Ugh, Guindo, you say - or maybe you don't say, but pretend somebody did - why would you even want to write about math! It is so tedious and boring and you never use that stuff in real life, really. Why should I care if you are writing a blog about math?

Well, imaginary naysayer, maybe if you would kindly STUFF IT for a minute, I will tell you why you should care.

Here is a list of things you can explain or represent with math:

• FUCKING EVERYTHING

Here is a list of things that are possible because mathematicians sat down and figured some shit out:

• FUCKING EVERYTHING

Without math you couldn't even be sitting there reading this post about it. Guess what computers and the internet are both made of? MATH, ASSHOLE. Yeah that's right. Forget the wires and metal and plastic and shit, IT'S PURE CONCENTRATED MATH.

"But Guindo I hate math :(!" WELL TOO FUCKING BAD BECAUSE EVERYTHING AROUND YOU IS IMPOSSIBLE WITHOUT IT. Now go re-evaluate your life or something while I explain why people hate math.

The only subject with a worse rap than math is probably history. Or maybe chemistry. Fuck history, even if everything around you is made of that, too. And also fuck chemistry even if it is math because seriously fuck chemistry.

Anyway. Math is a subject that you cannot understand unless you understand all of the stuff that came before. Don't know how to divide? Good luck struggling through the rest of your arithmetic lessons without that. Didn't quite grasp the definition of a derivative in Calc I? Whoops you go back to that in Calc III for stuff you can't do with derivation shortcuts, GUESS YOU'RE FUCKED.

It doesn't help that most math teachers are really terrible at explaining math to people who don't already know what they're talking about. It really doesn't help that a lot of elementary school teachers - you know, the ones teaching kids the fundamentals that are vital for everyday life? - also grew up hating math, so they did the bare minimum in college and then have to turn around and TEACH IT.

So the cycle looks something like this:

• Bad math teachers make kids hate math
• Kids grow up hating math
• Young adults go to college and become teachers who hate math
• Teachers who hate math are bad math teachers
• Bad math teachers make kids hate math
• ad nauseum

Well, math is fucking awesome, and it doesn't deserve that treatment. It deserves a fair chance, and I am here to pick up the slack for your inadequate math teachers.
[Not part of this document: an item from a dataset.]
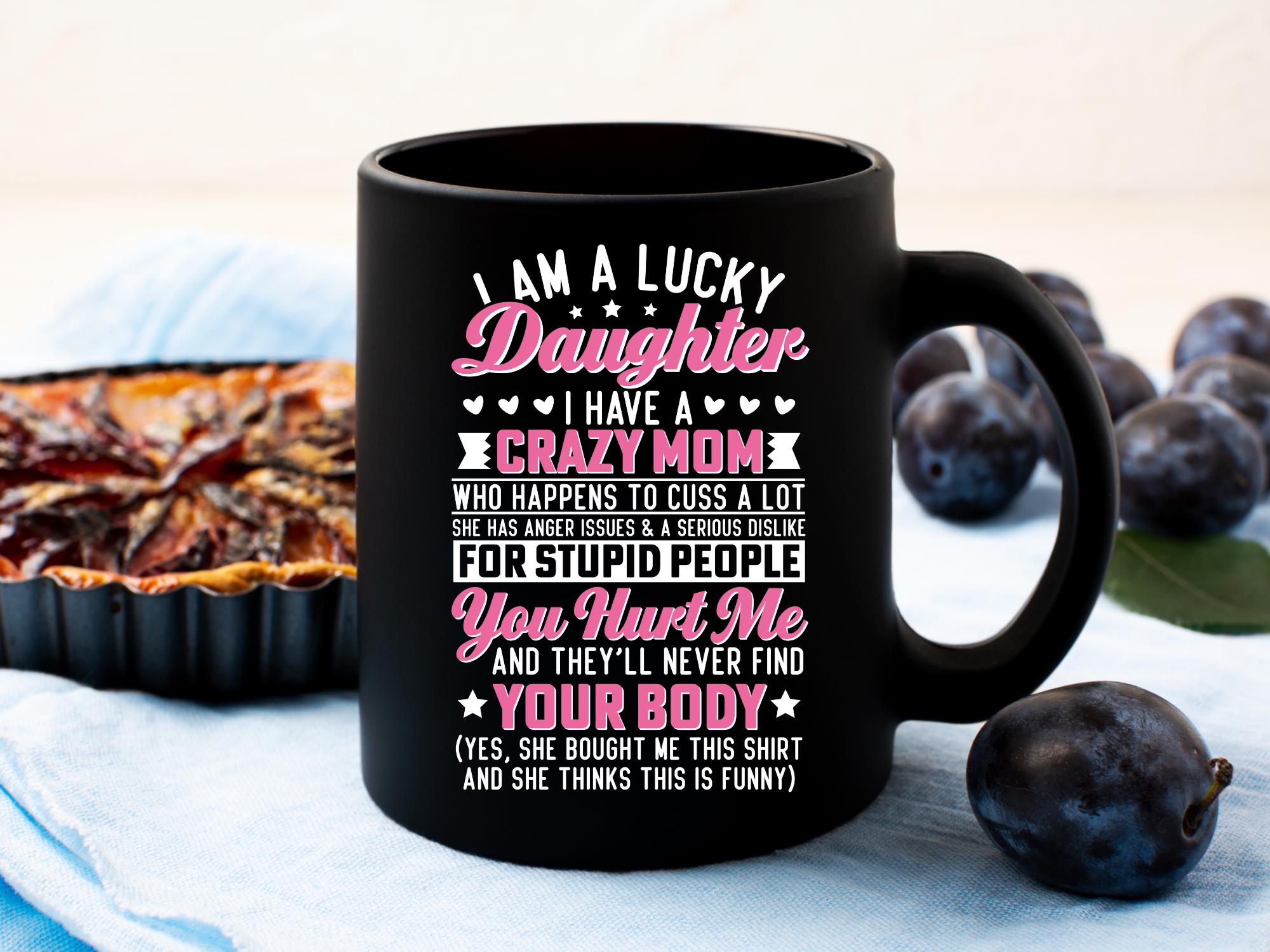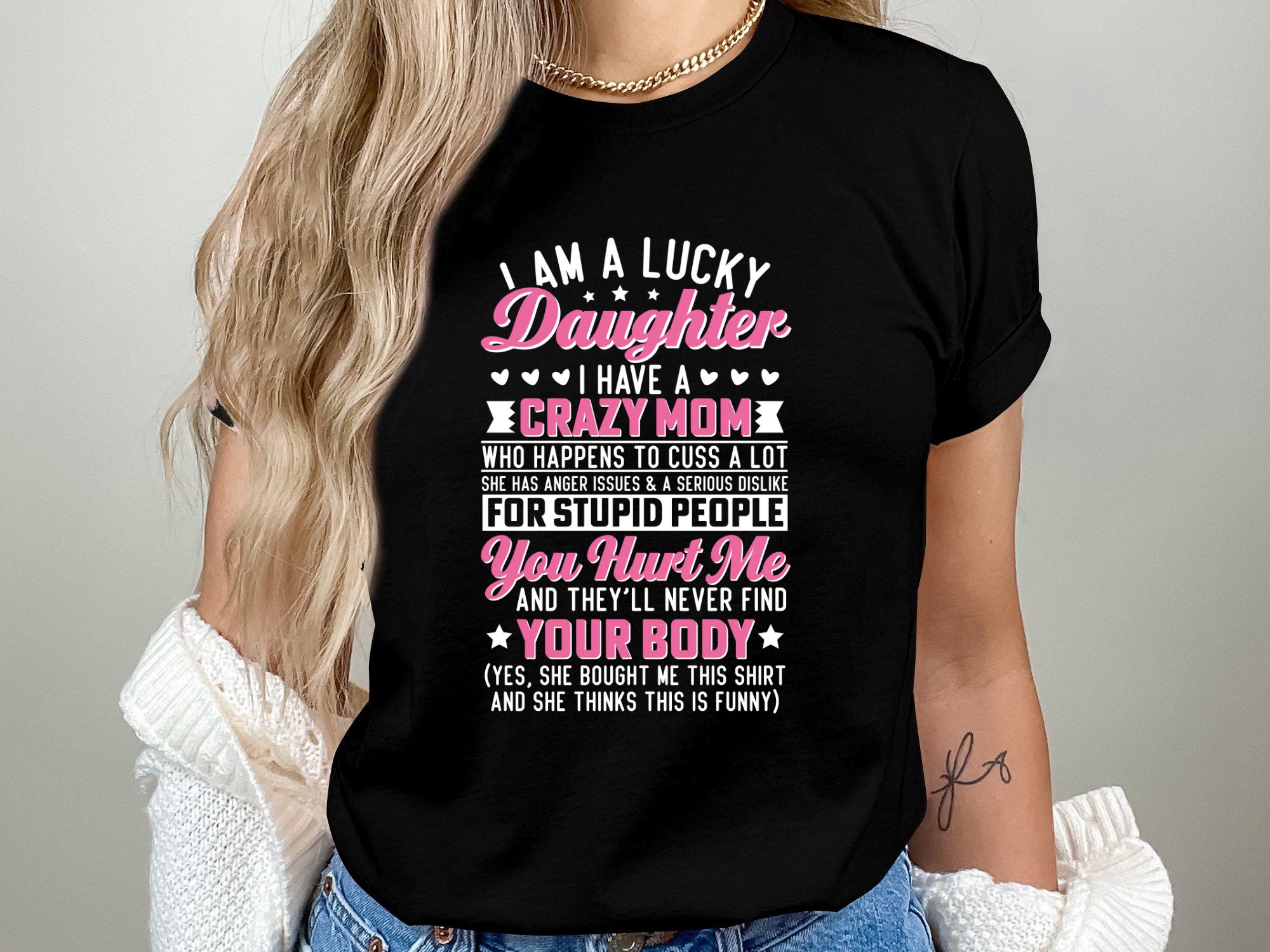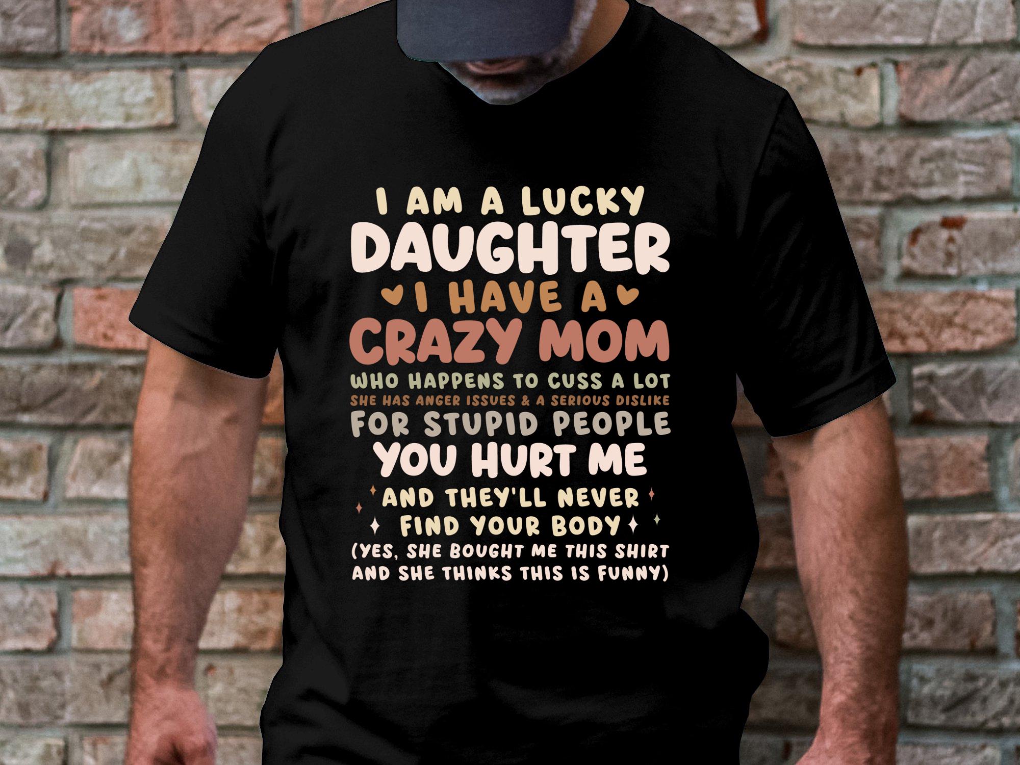 Lucky Daughter Crazy Mom Funny Quote sublimation PNG — perfect for daughters who love humor and protective mom jokes. Great for printing, Cricut projects, and Mothers Day humor designs.

BECAUSE I AM SO GENEROUS.

WHAT YOU CAN EXPECT FROM THIS BLOG:

• Math.
• NOT sounding like a fucking textbook - seriously nobody actually does math like that; textbook writers have sold their souls to demons for the complete inability to do anything like a normal person
• Explanations of why, instead of expecting rote memorization of technique
• Low level math stuff like arithmetic as well as higher level stuff - don't worry, I'll mark it, so you won't be sitting there flinching at every use of an integral sign and wondering why nothing about your life makes sense anymore
• Belligerence and probably a lot of swearing, uhhh, if you didn't notice already

Some ground rules:

• Don't be a dick
• I get to be a dick, though. DEAL WITH IT.
• If you're not clear on an explanation, ask. I'm belligerant but informative, and I'll edit posts for clarity and to answer questions.
• Feel free to suggest topics for future posts in the comments. No guarantee I'll write them but ideas are welcome.
• I probably won't respond to comments except to answer math questions so don't expect it.
• This will be on the test.

P.S. if you're British you can just pretend I said "maths" all over this post. It's okay, I'm sure you're imaginative enough to handle that.